**DATASET RECORDS**
——————

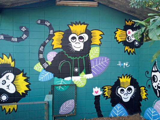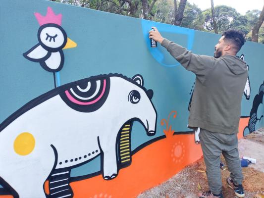 Há cerca de um mês, o artista guarulhense de fama internacional Elvis Mourão dedica parte dos seus dias para grafitar desenhos temáticos nos muros dos diversos recintos do zoo. Logo na entrada do parque, micos coloridos dão as boas-vindas aos visitantes. Logo mais à frente, cobras, antas, pássaros, jacarés e leões enfeitam os caminhos que percorrem todo o parque.
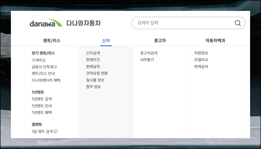 다나와 자동차 사이트에 들어가시면 상단 메뉴에서 신차 검색을 클릭해 주세요. 현대차의 신차 데이터뿐만 아니라 렌터카나 리스, 중고차 시세, 월별 판매 실적까지 제공하고 있어서 종합적인 정보 수집이 가능합니다.
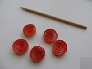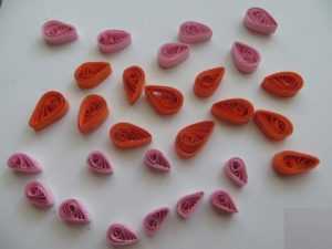 - Большинство заготовок будут «каплями». Для их создания накрутите свободную завитушку и закрепите финальную точку. Аккуратно выньте стержень и зажмите пальцами один край ролла, чтобы он вытянулся, принимая необходимый вид.
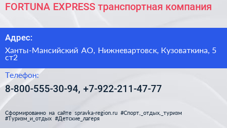 FORTUNA EXPRESS, транспортная компания по адресу Ханты-Мансийский АО, Нижневартовск, Кузоваткина, 5 ст2 в дальнейшем Организация, размещена в следующих категориях:
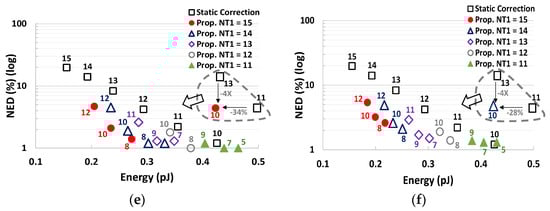 Energy-quality trade-off for the standard and proposed approaches: numbers close to the symbols indicate the values of NT (for the standard static approach) and NT2 (for the proposed dynamic approach). (a–c): F = 4, (d–f): F = 8.
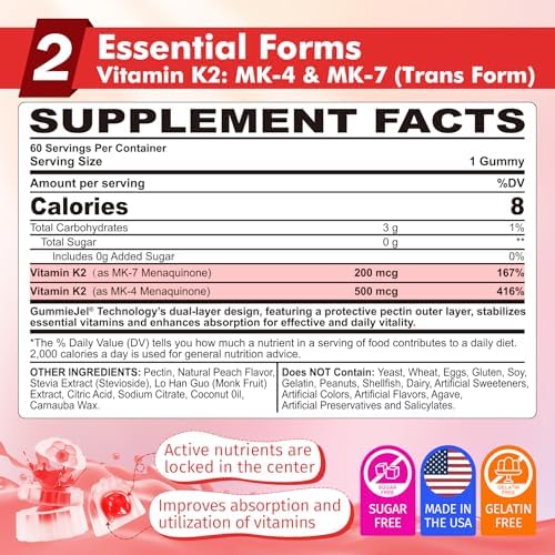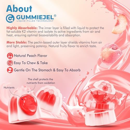 🍑 Full-Spectrum Vitamin K2 with Trans Kind & GummieJel Expertise – Our superior Full-Spectrum K2 Gummies make the most of GummieJel know-how, encapsulating lively substances on the core for superior stability, absorption, and bioavailability. The protecting pectin outer layer and scrumptious pure peach taste guarantee a premium expertise whereas maximizing the efficiency of MK-4 & MK-7. This dual-action K2 components helps optimum calcium utilization,hḙ-ḁṛt, bone energy in its only Trans Kind.

——————

**BRIEF**
Without any pictures, reproduce the lines from the first one in the material through the line that has "FORTUNA EXPRESS, транспортная", exactly as they appear.

**WRITTEN REPLY**
 Há cerca de um mês, o artista guarulhense de fama internacional Elvis Mourão dedica parte dos seus dias para grafitar desenhos temáticos nos muros dos diversos recintos do zoo. Logo na entrada do parque, micos coloridos dão as boas-vindas aos visitantes. Logo mais à frente, cobras, antas, pássaros, jacarés e leões enfeitam os caminhos que percorrem todo o parque.
 다나와 자동차 사이트에 들어가시면 상단 메뉴에서 신차 검색을 클릭해 주세요. 현대차의 신차 데이터뿐만 아니라 렌터카나 리스, 중고차 시세, 월별 판매 실적까지 제공하고 있어서 종합적인 정보 수집이 가능합니다.
 - Большинство заготовок будут «каплями». Для их создания накрутите свободную завитушку и закрепите финальную точку. Аккуратно выньте стержень и зажмите пальцами один край ролла, чтобы он вытянулся, принимая необходимый вид.
 FORTUNA EXPRESS, транспортная компания по адресу Ханты-Мансийский АО, Нижневартовск, Кузоваткина, 5 ст2 в дальнейшем Организация, размещена в следующих категориях:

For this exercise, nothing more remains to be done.